■ DATASET ENTRIES
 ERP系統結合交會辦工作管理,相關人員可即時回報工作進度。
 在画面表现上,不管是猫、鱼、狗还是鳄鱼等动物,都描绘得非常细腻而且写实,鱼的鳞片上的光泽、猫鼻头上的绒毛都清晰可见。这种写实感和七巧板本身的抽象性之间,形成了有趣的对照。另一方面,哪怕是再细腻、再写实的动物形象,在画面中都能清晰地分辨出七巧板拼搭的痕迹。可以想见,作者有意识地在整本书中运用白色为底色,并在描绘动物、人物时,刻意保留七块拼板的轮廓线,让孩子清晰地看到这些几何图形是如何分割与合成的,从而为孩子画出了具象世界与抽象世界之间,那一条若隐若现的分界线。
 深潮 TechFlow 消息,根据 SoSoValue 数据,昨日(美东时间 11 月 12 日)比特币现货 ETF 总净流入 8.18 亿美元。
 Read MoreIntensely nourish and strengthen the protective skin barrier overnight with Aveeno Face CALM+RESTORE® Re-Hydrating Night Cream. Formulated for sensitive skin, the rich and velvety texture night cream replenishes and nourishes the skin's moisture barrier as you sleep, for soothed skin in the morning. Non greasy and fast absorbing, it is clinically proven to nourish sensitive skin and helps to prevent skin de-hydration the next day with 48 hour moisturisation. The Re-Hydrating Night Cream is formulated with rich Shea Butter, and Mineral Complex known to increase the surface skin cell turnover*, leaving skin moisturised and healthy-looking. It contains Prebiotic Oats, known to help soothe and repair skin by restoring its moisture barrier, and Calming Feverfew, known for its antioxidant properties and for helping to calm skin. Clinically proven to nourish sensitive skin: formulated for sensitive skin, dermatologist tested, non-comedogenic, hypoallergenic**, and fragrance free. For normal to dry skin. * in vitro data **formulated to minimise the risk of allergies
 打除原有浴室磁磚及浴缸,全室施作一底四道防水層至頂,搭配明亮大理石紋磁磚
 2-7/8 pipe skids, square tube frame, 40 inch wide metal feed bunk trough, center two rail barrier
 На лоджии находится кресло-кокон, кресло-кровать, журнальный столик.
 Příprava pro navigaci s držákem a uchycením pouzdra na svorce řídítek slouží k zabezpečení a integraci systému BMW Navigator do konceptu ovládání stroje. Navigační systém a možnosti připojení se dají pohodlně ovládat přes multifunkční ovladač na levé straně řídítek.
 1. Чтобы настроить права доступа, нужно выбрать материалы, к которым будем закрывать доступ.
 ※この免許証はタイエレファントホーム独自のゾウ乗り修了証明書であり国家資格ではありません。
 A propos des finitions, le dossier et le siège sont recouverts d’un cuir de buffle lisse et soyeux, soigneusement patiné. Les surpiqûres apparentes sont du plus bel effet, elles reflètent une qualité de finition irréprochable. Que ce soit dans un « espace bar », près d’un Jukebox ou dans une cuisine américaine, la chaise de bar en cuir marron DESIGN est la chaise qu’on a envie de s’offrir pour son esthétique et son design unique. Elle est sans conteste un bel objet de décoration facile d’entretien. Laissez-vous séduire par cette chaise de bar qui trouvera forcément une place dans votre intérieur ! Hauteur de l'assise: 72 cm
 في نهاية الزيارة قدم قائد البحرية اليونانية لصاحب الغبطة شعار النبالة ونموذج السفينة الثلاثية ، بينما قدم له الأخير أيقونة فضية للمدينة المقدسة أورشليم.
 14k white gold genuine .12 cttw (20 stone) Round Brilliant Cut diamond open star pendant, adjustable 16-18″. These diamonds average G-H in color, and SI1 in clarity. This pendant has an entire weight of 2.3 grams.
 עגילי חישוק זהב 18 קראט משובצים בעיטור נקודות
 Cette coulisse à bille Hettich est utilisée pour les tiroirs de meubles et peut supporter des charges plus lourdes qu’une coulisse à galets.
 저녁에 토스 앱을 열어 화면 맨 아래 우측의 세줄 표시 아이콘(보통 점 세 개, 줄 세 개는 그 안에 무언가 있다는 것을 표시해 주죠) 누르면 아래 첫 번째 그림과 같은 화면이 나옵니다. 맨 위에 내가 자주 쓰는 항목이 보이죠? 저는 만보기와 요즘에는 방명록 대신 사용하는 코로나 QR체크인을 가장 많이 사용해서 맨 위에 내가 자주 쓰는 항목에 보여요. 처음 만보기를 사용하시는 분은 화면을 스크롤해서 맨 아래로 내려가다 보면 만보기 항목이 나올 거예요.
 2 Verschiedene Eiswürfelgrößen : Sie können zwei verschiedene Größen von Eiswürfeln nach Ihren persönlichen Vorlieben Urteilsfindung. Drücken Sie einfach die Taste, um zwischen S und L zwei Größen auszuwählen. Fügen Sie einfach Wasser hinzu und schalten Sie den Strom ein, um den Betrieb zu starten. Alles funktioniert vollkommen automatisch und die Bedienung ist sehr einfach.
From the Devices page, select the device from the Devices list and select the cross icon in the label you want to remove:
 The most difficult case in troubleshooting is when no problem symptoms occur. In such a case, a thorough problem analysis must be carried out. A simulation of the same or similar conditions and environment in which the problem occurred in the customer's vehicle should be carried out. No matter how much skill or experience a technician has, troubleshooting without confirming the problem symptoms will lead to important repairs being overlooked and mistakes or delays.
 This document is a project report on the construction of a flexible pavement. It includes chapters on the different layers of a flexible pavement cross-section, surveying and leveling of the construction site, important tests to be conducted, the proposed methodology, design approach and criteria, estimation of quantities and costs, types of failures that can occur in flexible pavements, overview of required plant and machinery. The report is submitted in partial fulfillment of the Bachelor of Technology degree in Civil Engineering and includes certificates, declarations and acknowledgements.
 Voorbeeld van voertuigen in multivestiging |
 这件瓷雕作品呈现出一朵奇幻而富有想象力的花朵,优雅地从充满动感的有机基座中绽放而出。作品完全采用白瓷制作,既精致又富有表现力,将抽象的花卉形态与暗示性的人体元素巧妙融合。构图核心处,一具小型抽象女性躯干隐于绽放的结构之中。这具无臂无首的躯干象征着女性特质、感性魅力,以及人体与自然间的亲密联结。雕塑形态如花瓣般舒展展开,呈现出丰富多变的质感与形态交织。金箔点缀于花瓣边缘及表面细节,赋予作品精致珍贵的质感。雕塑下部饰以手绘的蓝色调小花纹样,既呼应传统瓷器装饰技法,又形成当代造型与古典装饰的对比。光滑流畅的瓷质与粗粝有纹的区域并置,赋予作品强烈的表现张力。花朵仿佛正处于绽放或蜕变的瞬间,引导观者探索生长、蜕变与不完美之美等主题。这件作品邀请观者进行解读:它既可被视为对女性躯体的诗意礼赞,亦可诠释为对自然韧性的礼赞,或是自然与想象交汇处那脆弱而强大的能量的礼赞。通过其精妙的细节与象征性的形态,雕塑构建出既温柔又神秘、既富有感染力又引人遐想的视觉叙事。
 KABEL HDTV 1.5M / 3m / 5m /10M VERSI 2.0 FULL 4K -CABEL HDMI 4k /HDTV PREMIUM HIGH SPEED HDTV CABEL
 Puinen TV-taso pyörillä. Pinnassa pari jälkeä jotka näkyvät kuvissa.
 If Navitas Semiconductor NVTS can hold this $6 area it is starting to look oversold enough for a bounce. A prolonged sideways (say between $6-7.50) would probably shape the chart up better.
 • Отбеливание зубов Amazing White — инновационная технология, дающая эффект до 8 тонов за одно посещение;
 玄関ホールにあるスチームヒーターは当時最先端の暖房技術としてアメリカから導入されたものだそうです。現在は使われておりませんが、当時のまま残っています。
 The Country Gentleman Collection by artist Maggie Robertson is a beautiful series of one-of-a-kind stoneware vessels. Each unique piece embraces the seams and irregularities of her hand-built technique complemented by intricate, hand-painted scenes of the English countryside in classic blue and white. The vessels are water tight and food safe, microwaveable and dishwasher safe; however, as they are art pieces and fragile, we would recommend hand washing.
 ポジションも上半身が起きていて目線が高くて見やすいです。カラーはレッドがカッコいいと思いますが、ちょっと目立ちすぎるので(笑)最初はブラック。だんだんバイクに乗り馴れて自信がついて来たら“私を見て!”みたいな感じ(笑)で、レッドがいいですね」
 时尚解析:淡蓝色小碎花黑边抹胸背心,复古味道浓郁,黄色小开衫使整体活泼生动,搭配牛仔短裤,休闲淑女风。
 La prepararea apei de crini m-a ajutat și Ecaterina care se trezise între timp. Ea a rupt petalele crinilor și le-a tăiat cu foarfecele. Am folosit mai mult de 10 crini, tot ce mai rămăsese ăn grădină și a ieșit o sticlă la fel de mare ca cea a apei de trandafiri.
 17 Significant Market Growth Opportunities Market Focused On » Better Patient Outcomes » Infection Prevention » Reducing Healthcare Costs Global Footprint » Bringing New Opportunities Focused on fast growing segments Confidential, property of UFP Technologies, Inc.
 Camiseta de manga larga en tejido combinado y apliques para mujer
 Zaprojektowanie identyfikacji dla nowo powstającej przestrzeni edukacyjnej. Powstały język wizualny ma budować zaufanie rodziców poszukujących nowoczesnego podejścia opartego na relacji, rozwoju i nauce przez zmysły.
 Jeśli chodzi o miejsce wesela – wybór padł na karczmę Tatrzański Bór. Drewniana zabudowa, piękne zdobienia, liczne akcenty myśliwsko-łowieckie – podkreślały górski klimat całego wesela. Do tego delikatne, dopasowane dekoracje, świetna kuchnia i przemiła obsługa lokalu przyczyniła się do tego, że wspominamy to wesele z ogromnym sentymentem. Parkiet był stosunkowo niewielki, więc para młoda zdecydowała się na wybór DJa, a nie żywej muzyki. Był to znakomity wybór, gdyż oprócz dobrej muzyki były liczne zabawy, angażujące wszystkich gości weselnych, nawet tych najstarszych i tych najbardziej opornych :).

■ PROBLEM
Could you set down, word for word, only the lines above from the line with "1. Чтобы настроить" to the line with "From the Devices page, select", including both?

■ TASK RESULT
 1. Чтобы настроить права доступа, нужно выбрать материалы, к которым будем закрывать доступ.
 ※この免許証はタイエレファントホーム独自のゾウ乗り修了証明書であり国家資格ではありません。
 A propos des finitions, le dossier et le siège sont recouverts d’un cuir de buffle lisse et soyeux, soigneusement patiné. Les surpiqûres apparentes sont du plus bel effet, elles reflètent une qualité de finition irréprochable. Que ce soit dans un « espace bar », près d’un Jukebox ou dans une cuisine américaine, la chaise de bar en cuir marron DESIGN est la chaise qu’on a envie de s’offrir pour son esthétique et son design unique. Elle est sans conteste un bel objet de décoration facile d’entretien. Laissez-vous séduire par cette chaise de bar qui trouvera forcément une place dans votre intérieur ! Hauteur de l'assise: 72 cm
 في نهاية الزيارة قدم قائد البحرية اليونانية لصاحب الغبطة شعار النبالة ونموذج السفينة الثلاثية ، بينما قدم له الأخير أيقونة فضية للمدينة المقدسة أورشليم.
 14k white gold genuine .12 cttw (20 stone) Round Brilliant Cut diamond open star pendant, adjustable 16-18″. These diamonds average G-H in color, and SI1 in clarity. This pendant has an entire weight of 2.3 grams.
 עגילי חישוק זהב 18 קראט משובצים בעיטור נקודות
 Cette coulisse à bille Hettich est utilisée pour les tiroirs de meubles et peut supporter des charges plus lourdes qu’une coulisse à galets.
 저녁에 토스 앱을 열어 화면 맨 아래 우측의 세줄 표시 아이콘(보통 점 세 개, 줄 세 개는 그 안에 무언가 있다는 것을 표시해 주죠) 누르면 아래 첫 번째 그림과 같은 화면이 나옵니다. 맨 위에 내가 자주 쓰는 항목이 보이죠? 저는 만보기와 요즘에는 방명록 대신 사용하는 코로나 QR체크인을 가장 많이 사용해서 맨 위에 내가 자주 쓰는 항목에 보여요. 처음 만보기를 사용하시는 분은 화면을 스크롤해서 맨 아래로 내려가다 보면 만보기 항목이 나올 거예요.
 2 Verschiedene Eiswürfelgrößen : Sie können zwei verschiedene Größen von Eiswürfeln nach Ihren persönlichen Vorlieben Urteilsfindung. Drücken Sie einfach die Taste, um zwischen S und L zwei Größen auszuwählen. Fügen Sie einfach Wasser hinzu und schalten Sie den Strom ein, um den Betrieb zu starten. Alles funktioniert vollkommen automatisch und die Bedienung ist sehr einfach.
From the Devices page, select the device from the Devices list and select the cross icon in the label you want to remove:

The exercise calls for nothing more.